The results of this year’s Food & Health Survey draw attention to the positive gains we have made toward highlighting health and nutrition, but also show where we should focus in the future to ensure Americans have the tools to improve their health through nutrition and food safety practices. The International Food Information Council Foundation looks forward to engaging with you on these topics in the coming months.  We would love to hear your thoughts.

To view an executive summary and access the full findings, please visit the Food & Health page on



4 comment(s) so far...

Re: 2010 Food & Health Survey Reveals Diet and Exercise are “Weighty” Issues for Many Consumers

Why do the guidelines recommend so much grain in the American diet? Carbs have the highest calorie content and many suggest eating a lot to "bulk" up. Do you have any solid reason why I would want to eat bread at breakfast, lunch and dinner? Americans don't follow the pyramid diet because that is the exact shape you become when you follow it.

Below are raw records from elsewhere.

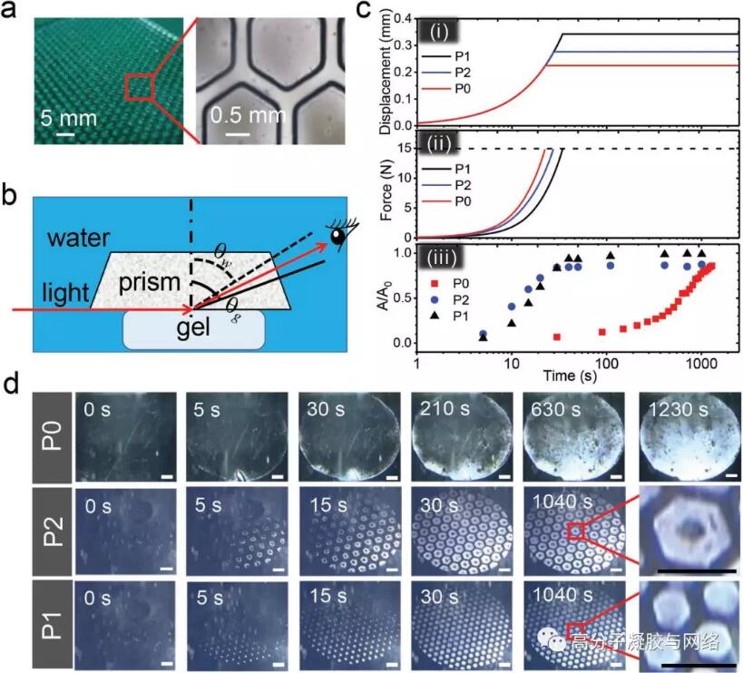 從聚兩性電解質(PA)水凝膠表面結構的光學和顯微鏡圖像(a)可以看出,在凝膠表面上形成了明顯的由凹槽分開的六邊形界面。作者設計了一種可以直接觀察水凝膠與基質接觸過程的裝置(b)并制備了三種凝膠:平面P0凝膠、六邊形邊長為0.875 mm的凝膠P1和六邊形邊長為1.75 mm的凝膠P2,以此驗證該實驗的設計思路。結合位移、作用力及接觸面積比對時間的圖像(c)與接觸過程的照片(d)可看出,P0凝膠與玻璃的接觸從外圍開始,然后逐漸不規則地發展到整個區域。受力在22 s后迅速達到預設值,然而此時凝膠幾乎不與玻璃接觸,表明界面處的水還未被排出,即使在1000多秒后,照片中的一些區域仍然保持黑暗,同時許多黑點分布不均勻,表明出現了永久的“鎖水”。另一方面,P1和P2凝膠的接觸過程在30-40 s內就已完成。1000 s后,P2凝膠的六邊形界面中心任然保持黑色,說明出現了“鎖水”,而P1凝膠則沒有此種現象。這一現象說明對于PA凝膠-玻璃體系,其出現“鎖水”的臨界六邊形邊長在0.875-1.75 mm之間。
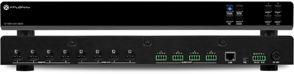(Note: The HDR-H2H-44MA de-embeds HDMI two-channel PCM audio. For extracting and downmixing Dolby® and DTS® audio, Atlona recommends the AT-HDR-M2C or AT-HDR-M2C-QUAD audio converters.)
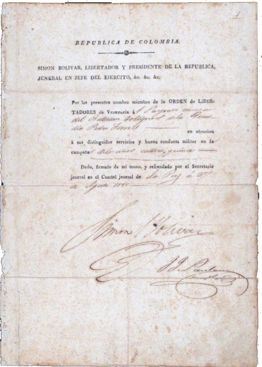 Rare military appointment signed by South American revolutionary leader Simon Bolivar. Spanish-language official Republica De Colombia manuscript dated 27 August 1825 is signed large and bold to lower portion. Known as the ''George Washington of South America,'' Simon Bolivar defeated the Spanish in 1819 and helped to liberate Peru and Bolivia. Document measures 8.25'' x 13''. Very good condition.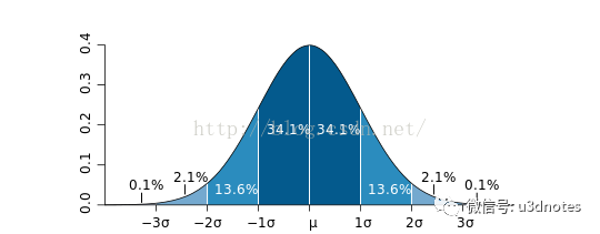 其中μ是正态分布随机变量的均值,也就是期望值,也就是下图中x轴上最中间的位置,随机变量在μ两侧对称分布,而第二个参数σ^2是这个随机变量的方差,因而正态分布记为N(μ,σ2 ),符合正态分布的随机变量越靠近μ则概率越大,而越远离μ概率越小,σ越小,分布越集中在μ附近,σ越大,分布越分散。而当μ=0,σ^2=1时,称为标准正态分布,记为N(0,1)。正态分布的图像如下图所示: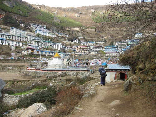 高度が上がるにしたがって段々ひどくなりました。長く苦しい登り道を登ってやっとなナムチェに着きましたが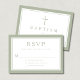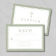 Sage Green Religious Cross Boy Baptism RSVP Card.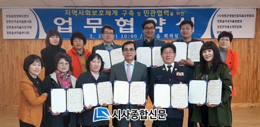À̳¯ Çù¾à½Ä¿¡ Âü¿©ÇÑ ´Üü´Â ÀåÈﱺ¿©¼ºÀÚ¿øºÀ»çȸ, ÀåÈïÀ¾»õ¸¶À»ÁöµµÀÚȸ, ÀåÈïÀ¾»õ¸¶À»ºÎ³àȸ, (»ç)ÀåÈﱺ¹æ¹ü¿¬ÇÕȸÀ¾³»¹æ¹ü´ë, ÀåÈïÀ¾¿©¼ºÀÚÀ²¹æ¹ü´ë, ÀåÈﱺÀÇ¿ë¼Ò¹æ¿¬ÇÕȸ, ÆÄ¶û»õºÀ»ç´Ü µî 7°÷ÀÌ´Ù. ¾÷¹«Çù¾àÀ» ¸ÎÀº °¢ ºÀ»ç´Üü´Â ÀåÈïÀ¾À» Áß½ÉÀ¸·Î »óÈ£ ±ä¹ÐÇÏ°í ¿ìÈ£ÀûÀÎ Çù·ÂÀ» À̾°í, Áö¿ª»çȸ º¸È£Ã¼°è ±¸ÃàÀ» À§ÇØ ³ë·ÂÇϱâ·Î Çß´Ù.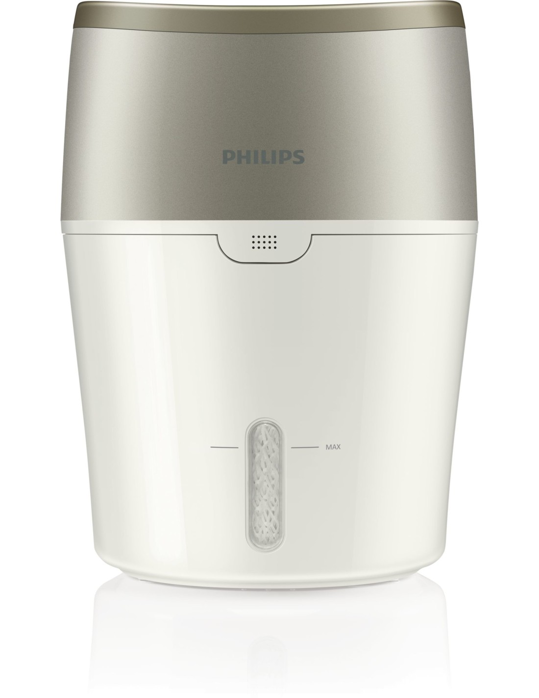 Controllo automatico e tecnologia di evaporazione intelligente. L'umidificatore Philips combatte l'aria secca con la massima precisione. Distribuisce in maniera uniforme l'aria umidificata per tutta la stanza e diffonde il 99% in meno di batteri rispetto a quelli a ultrasuoni.

By melissa pellegrino on   Tuesday, July 20, 2010

Re: 2010 Food & Health Survey Reveals Diet and Exercise are “Weighty” Issues for Many Consumers

Melissa, you ask an interesting question. To be honest, carbohydrates are just one of many recommendations within the Dietary Guidelines for Americans. Carbohydrates are more than just a vehicle for calories, they also provide essential vitamins and nutrients. Every eating occasion, breakfast, lunch, dinner, and snacks, is a an opportunity to improve your health by making smart dietary choices. Choose foods that taste good, but that also provide you with important nutrients, including carbohydrates, fats, and protein as well as essential vitamins and minerals (e.g., calcium, potassium, vitamin A, C, and E). The key is to make sure that over the course of a week, you are eating a variety of foods, like low fat milk and yogurt, fruits and vegetables, lean meats (e.g., chicken, porkloin, sirloin), whole grain breads and cereals, and high fiber foods to achieve an overall healthful diet. For more information about carbohydrates see our Backgrounder on Carbohydrates and Sugars:

--Liz Rahavi, RD
Associate Director, Health & Wellness
International Food Information Council Foundation

By Liz Rahavi, RD on   Tuesday, July 20, 2010

Re: 2010 Food & Health Survey Reveals Diet and Exercise are “Weighty” Issues for Many Consumers

It will be interesting to see whether First Lady Michelle Obama will really have any impact on how American's approach healthy eating. I'm curious also to see how American responses to some of the questions listed above compare to consumers in Europe and elsewhere. I think food is one of those topics where cultural differences still really stand out.

Great blog, by the way. Well done.

By World Food Inc. on   Friday, March 25, 2011

Re: 2010 Food & Health Survey Reveals Diet and Exercise are “Weighty” Issues for Many Consumers

In response to Melissa's post - I agree that a lot of grains in your diet may not be ideal. However, carbohydrates come in many forms. The complex carbohydrates found in vegetables will add nutrients, vitamins and minerals to your diet, give you natural energy, replenish your supply of digestive enzymes, and not leave you heavy or put on weight.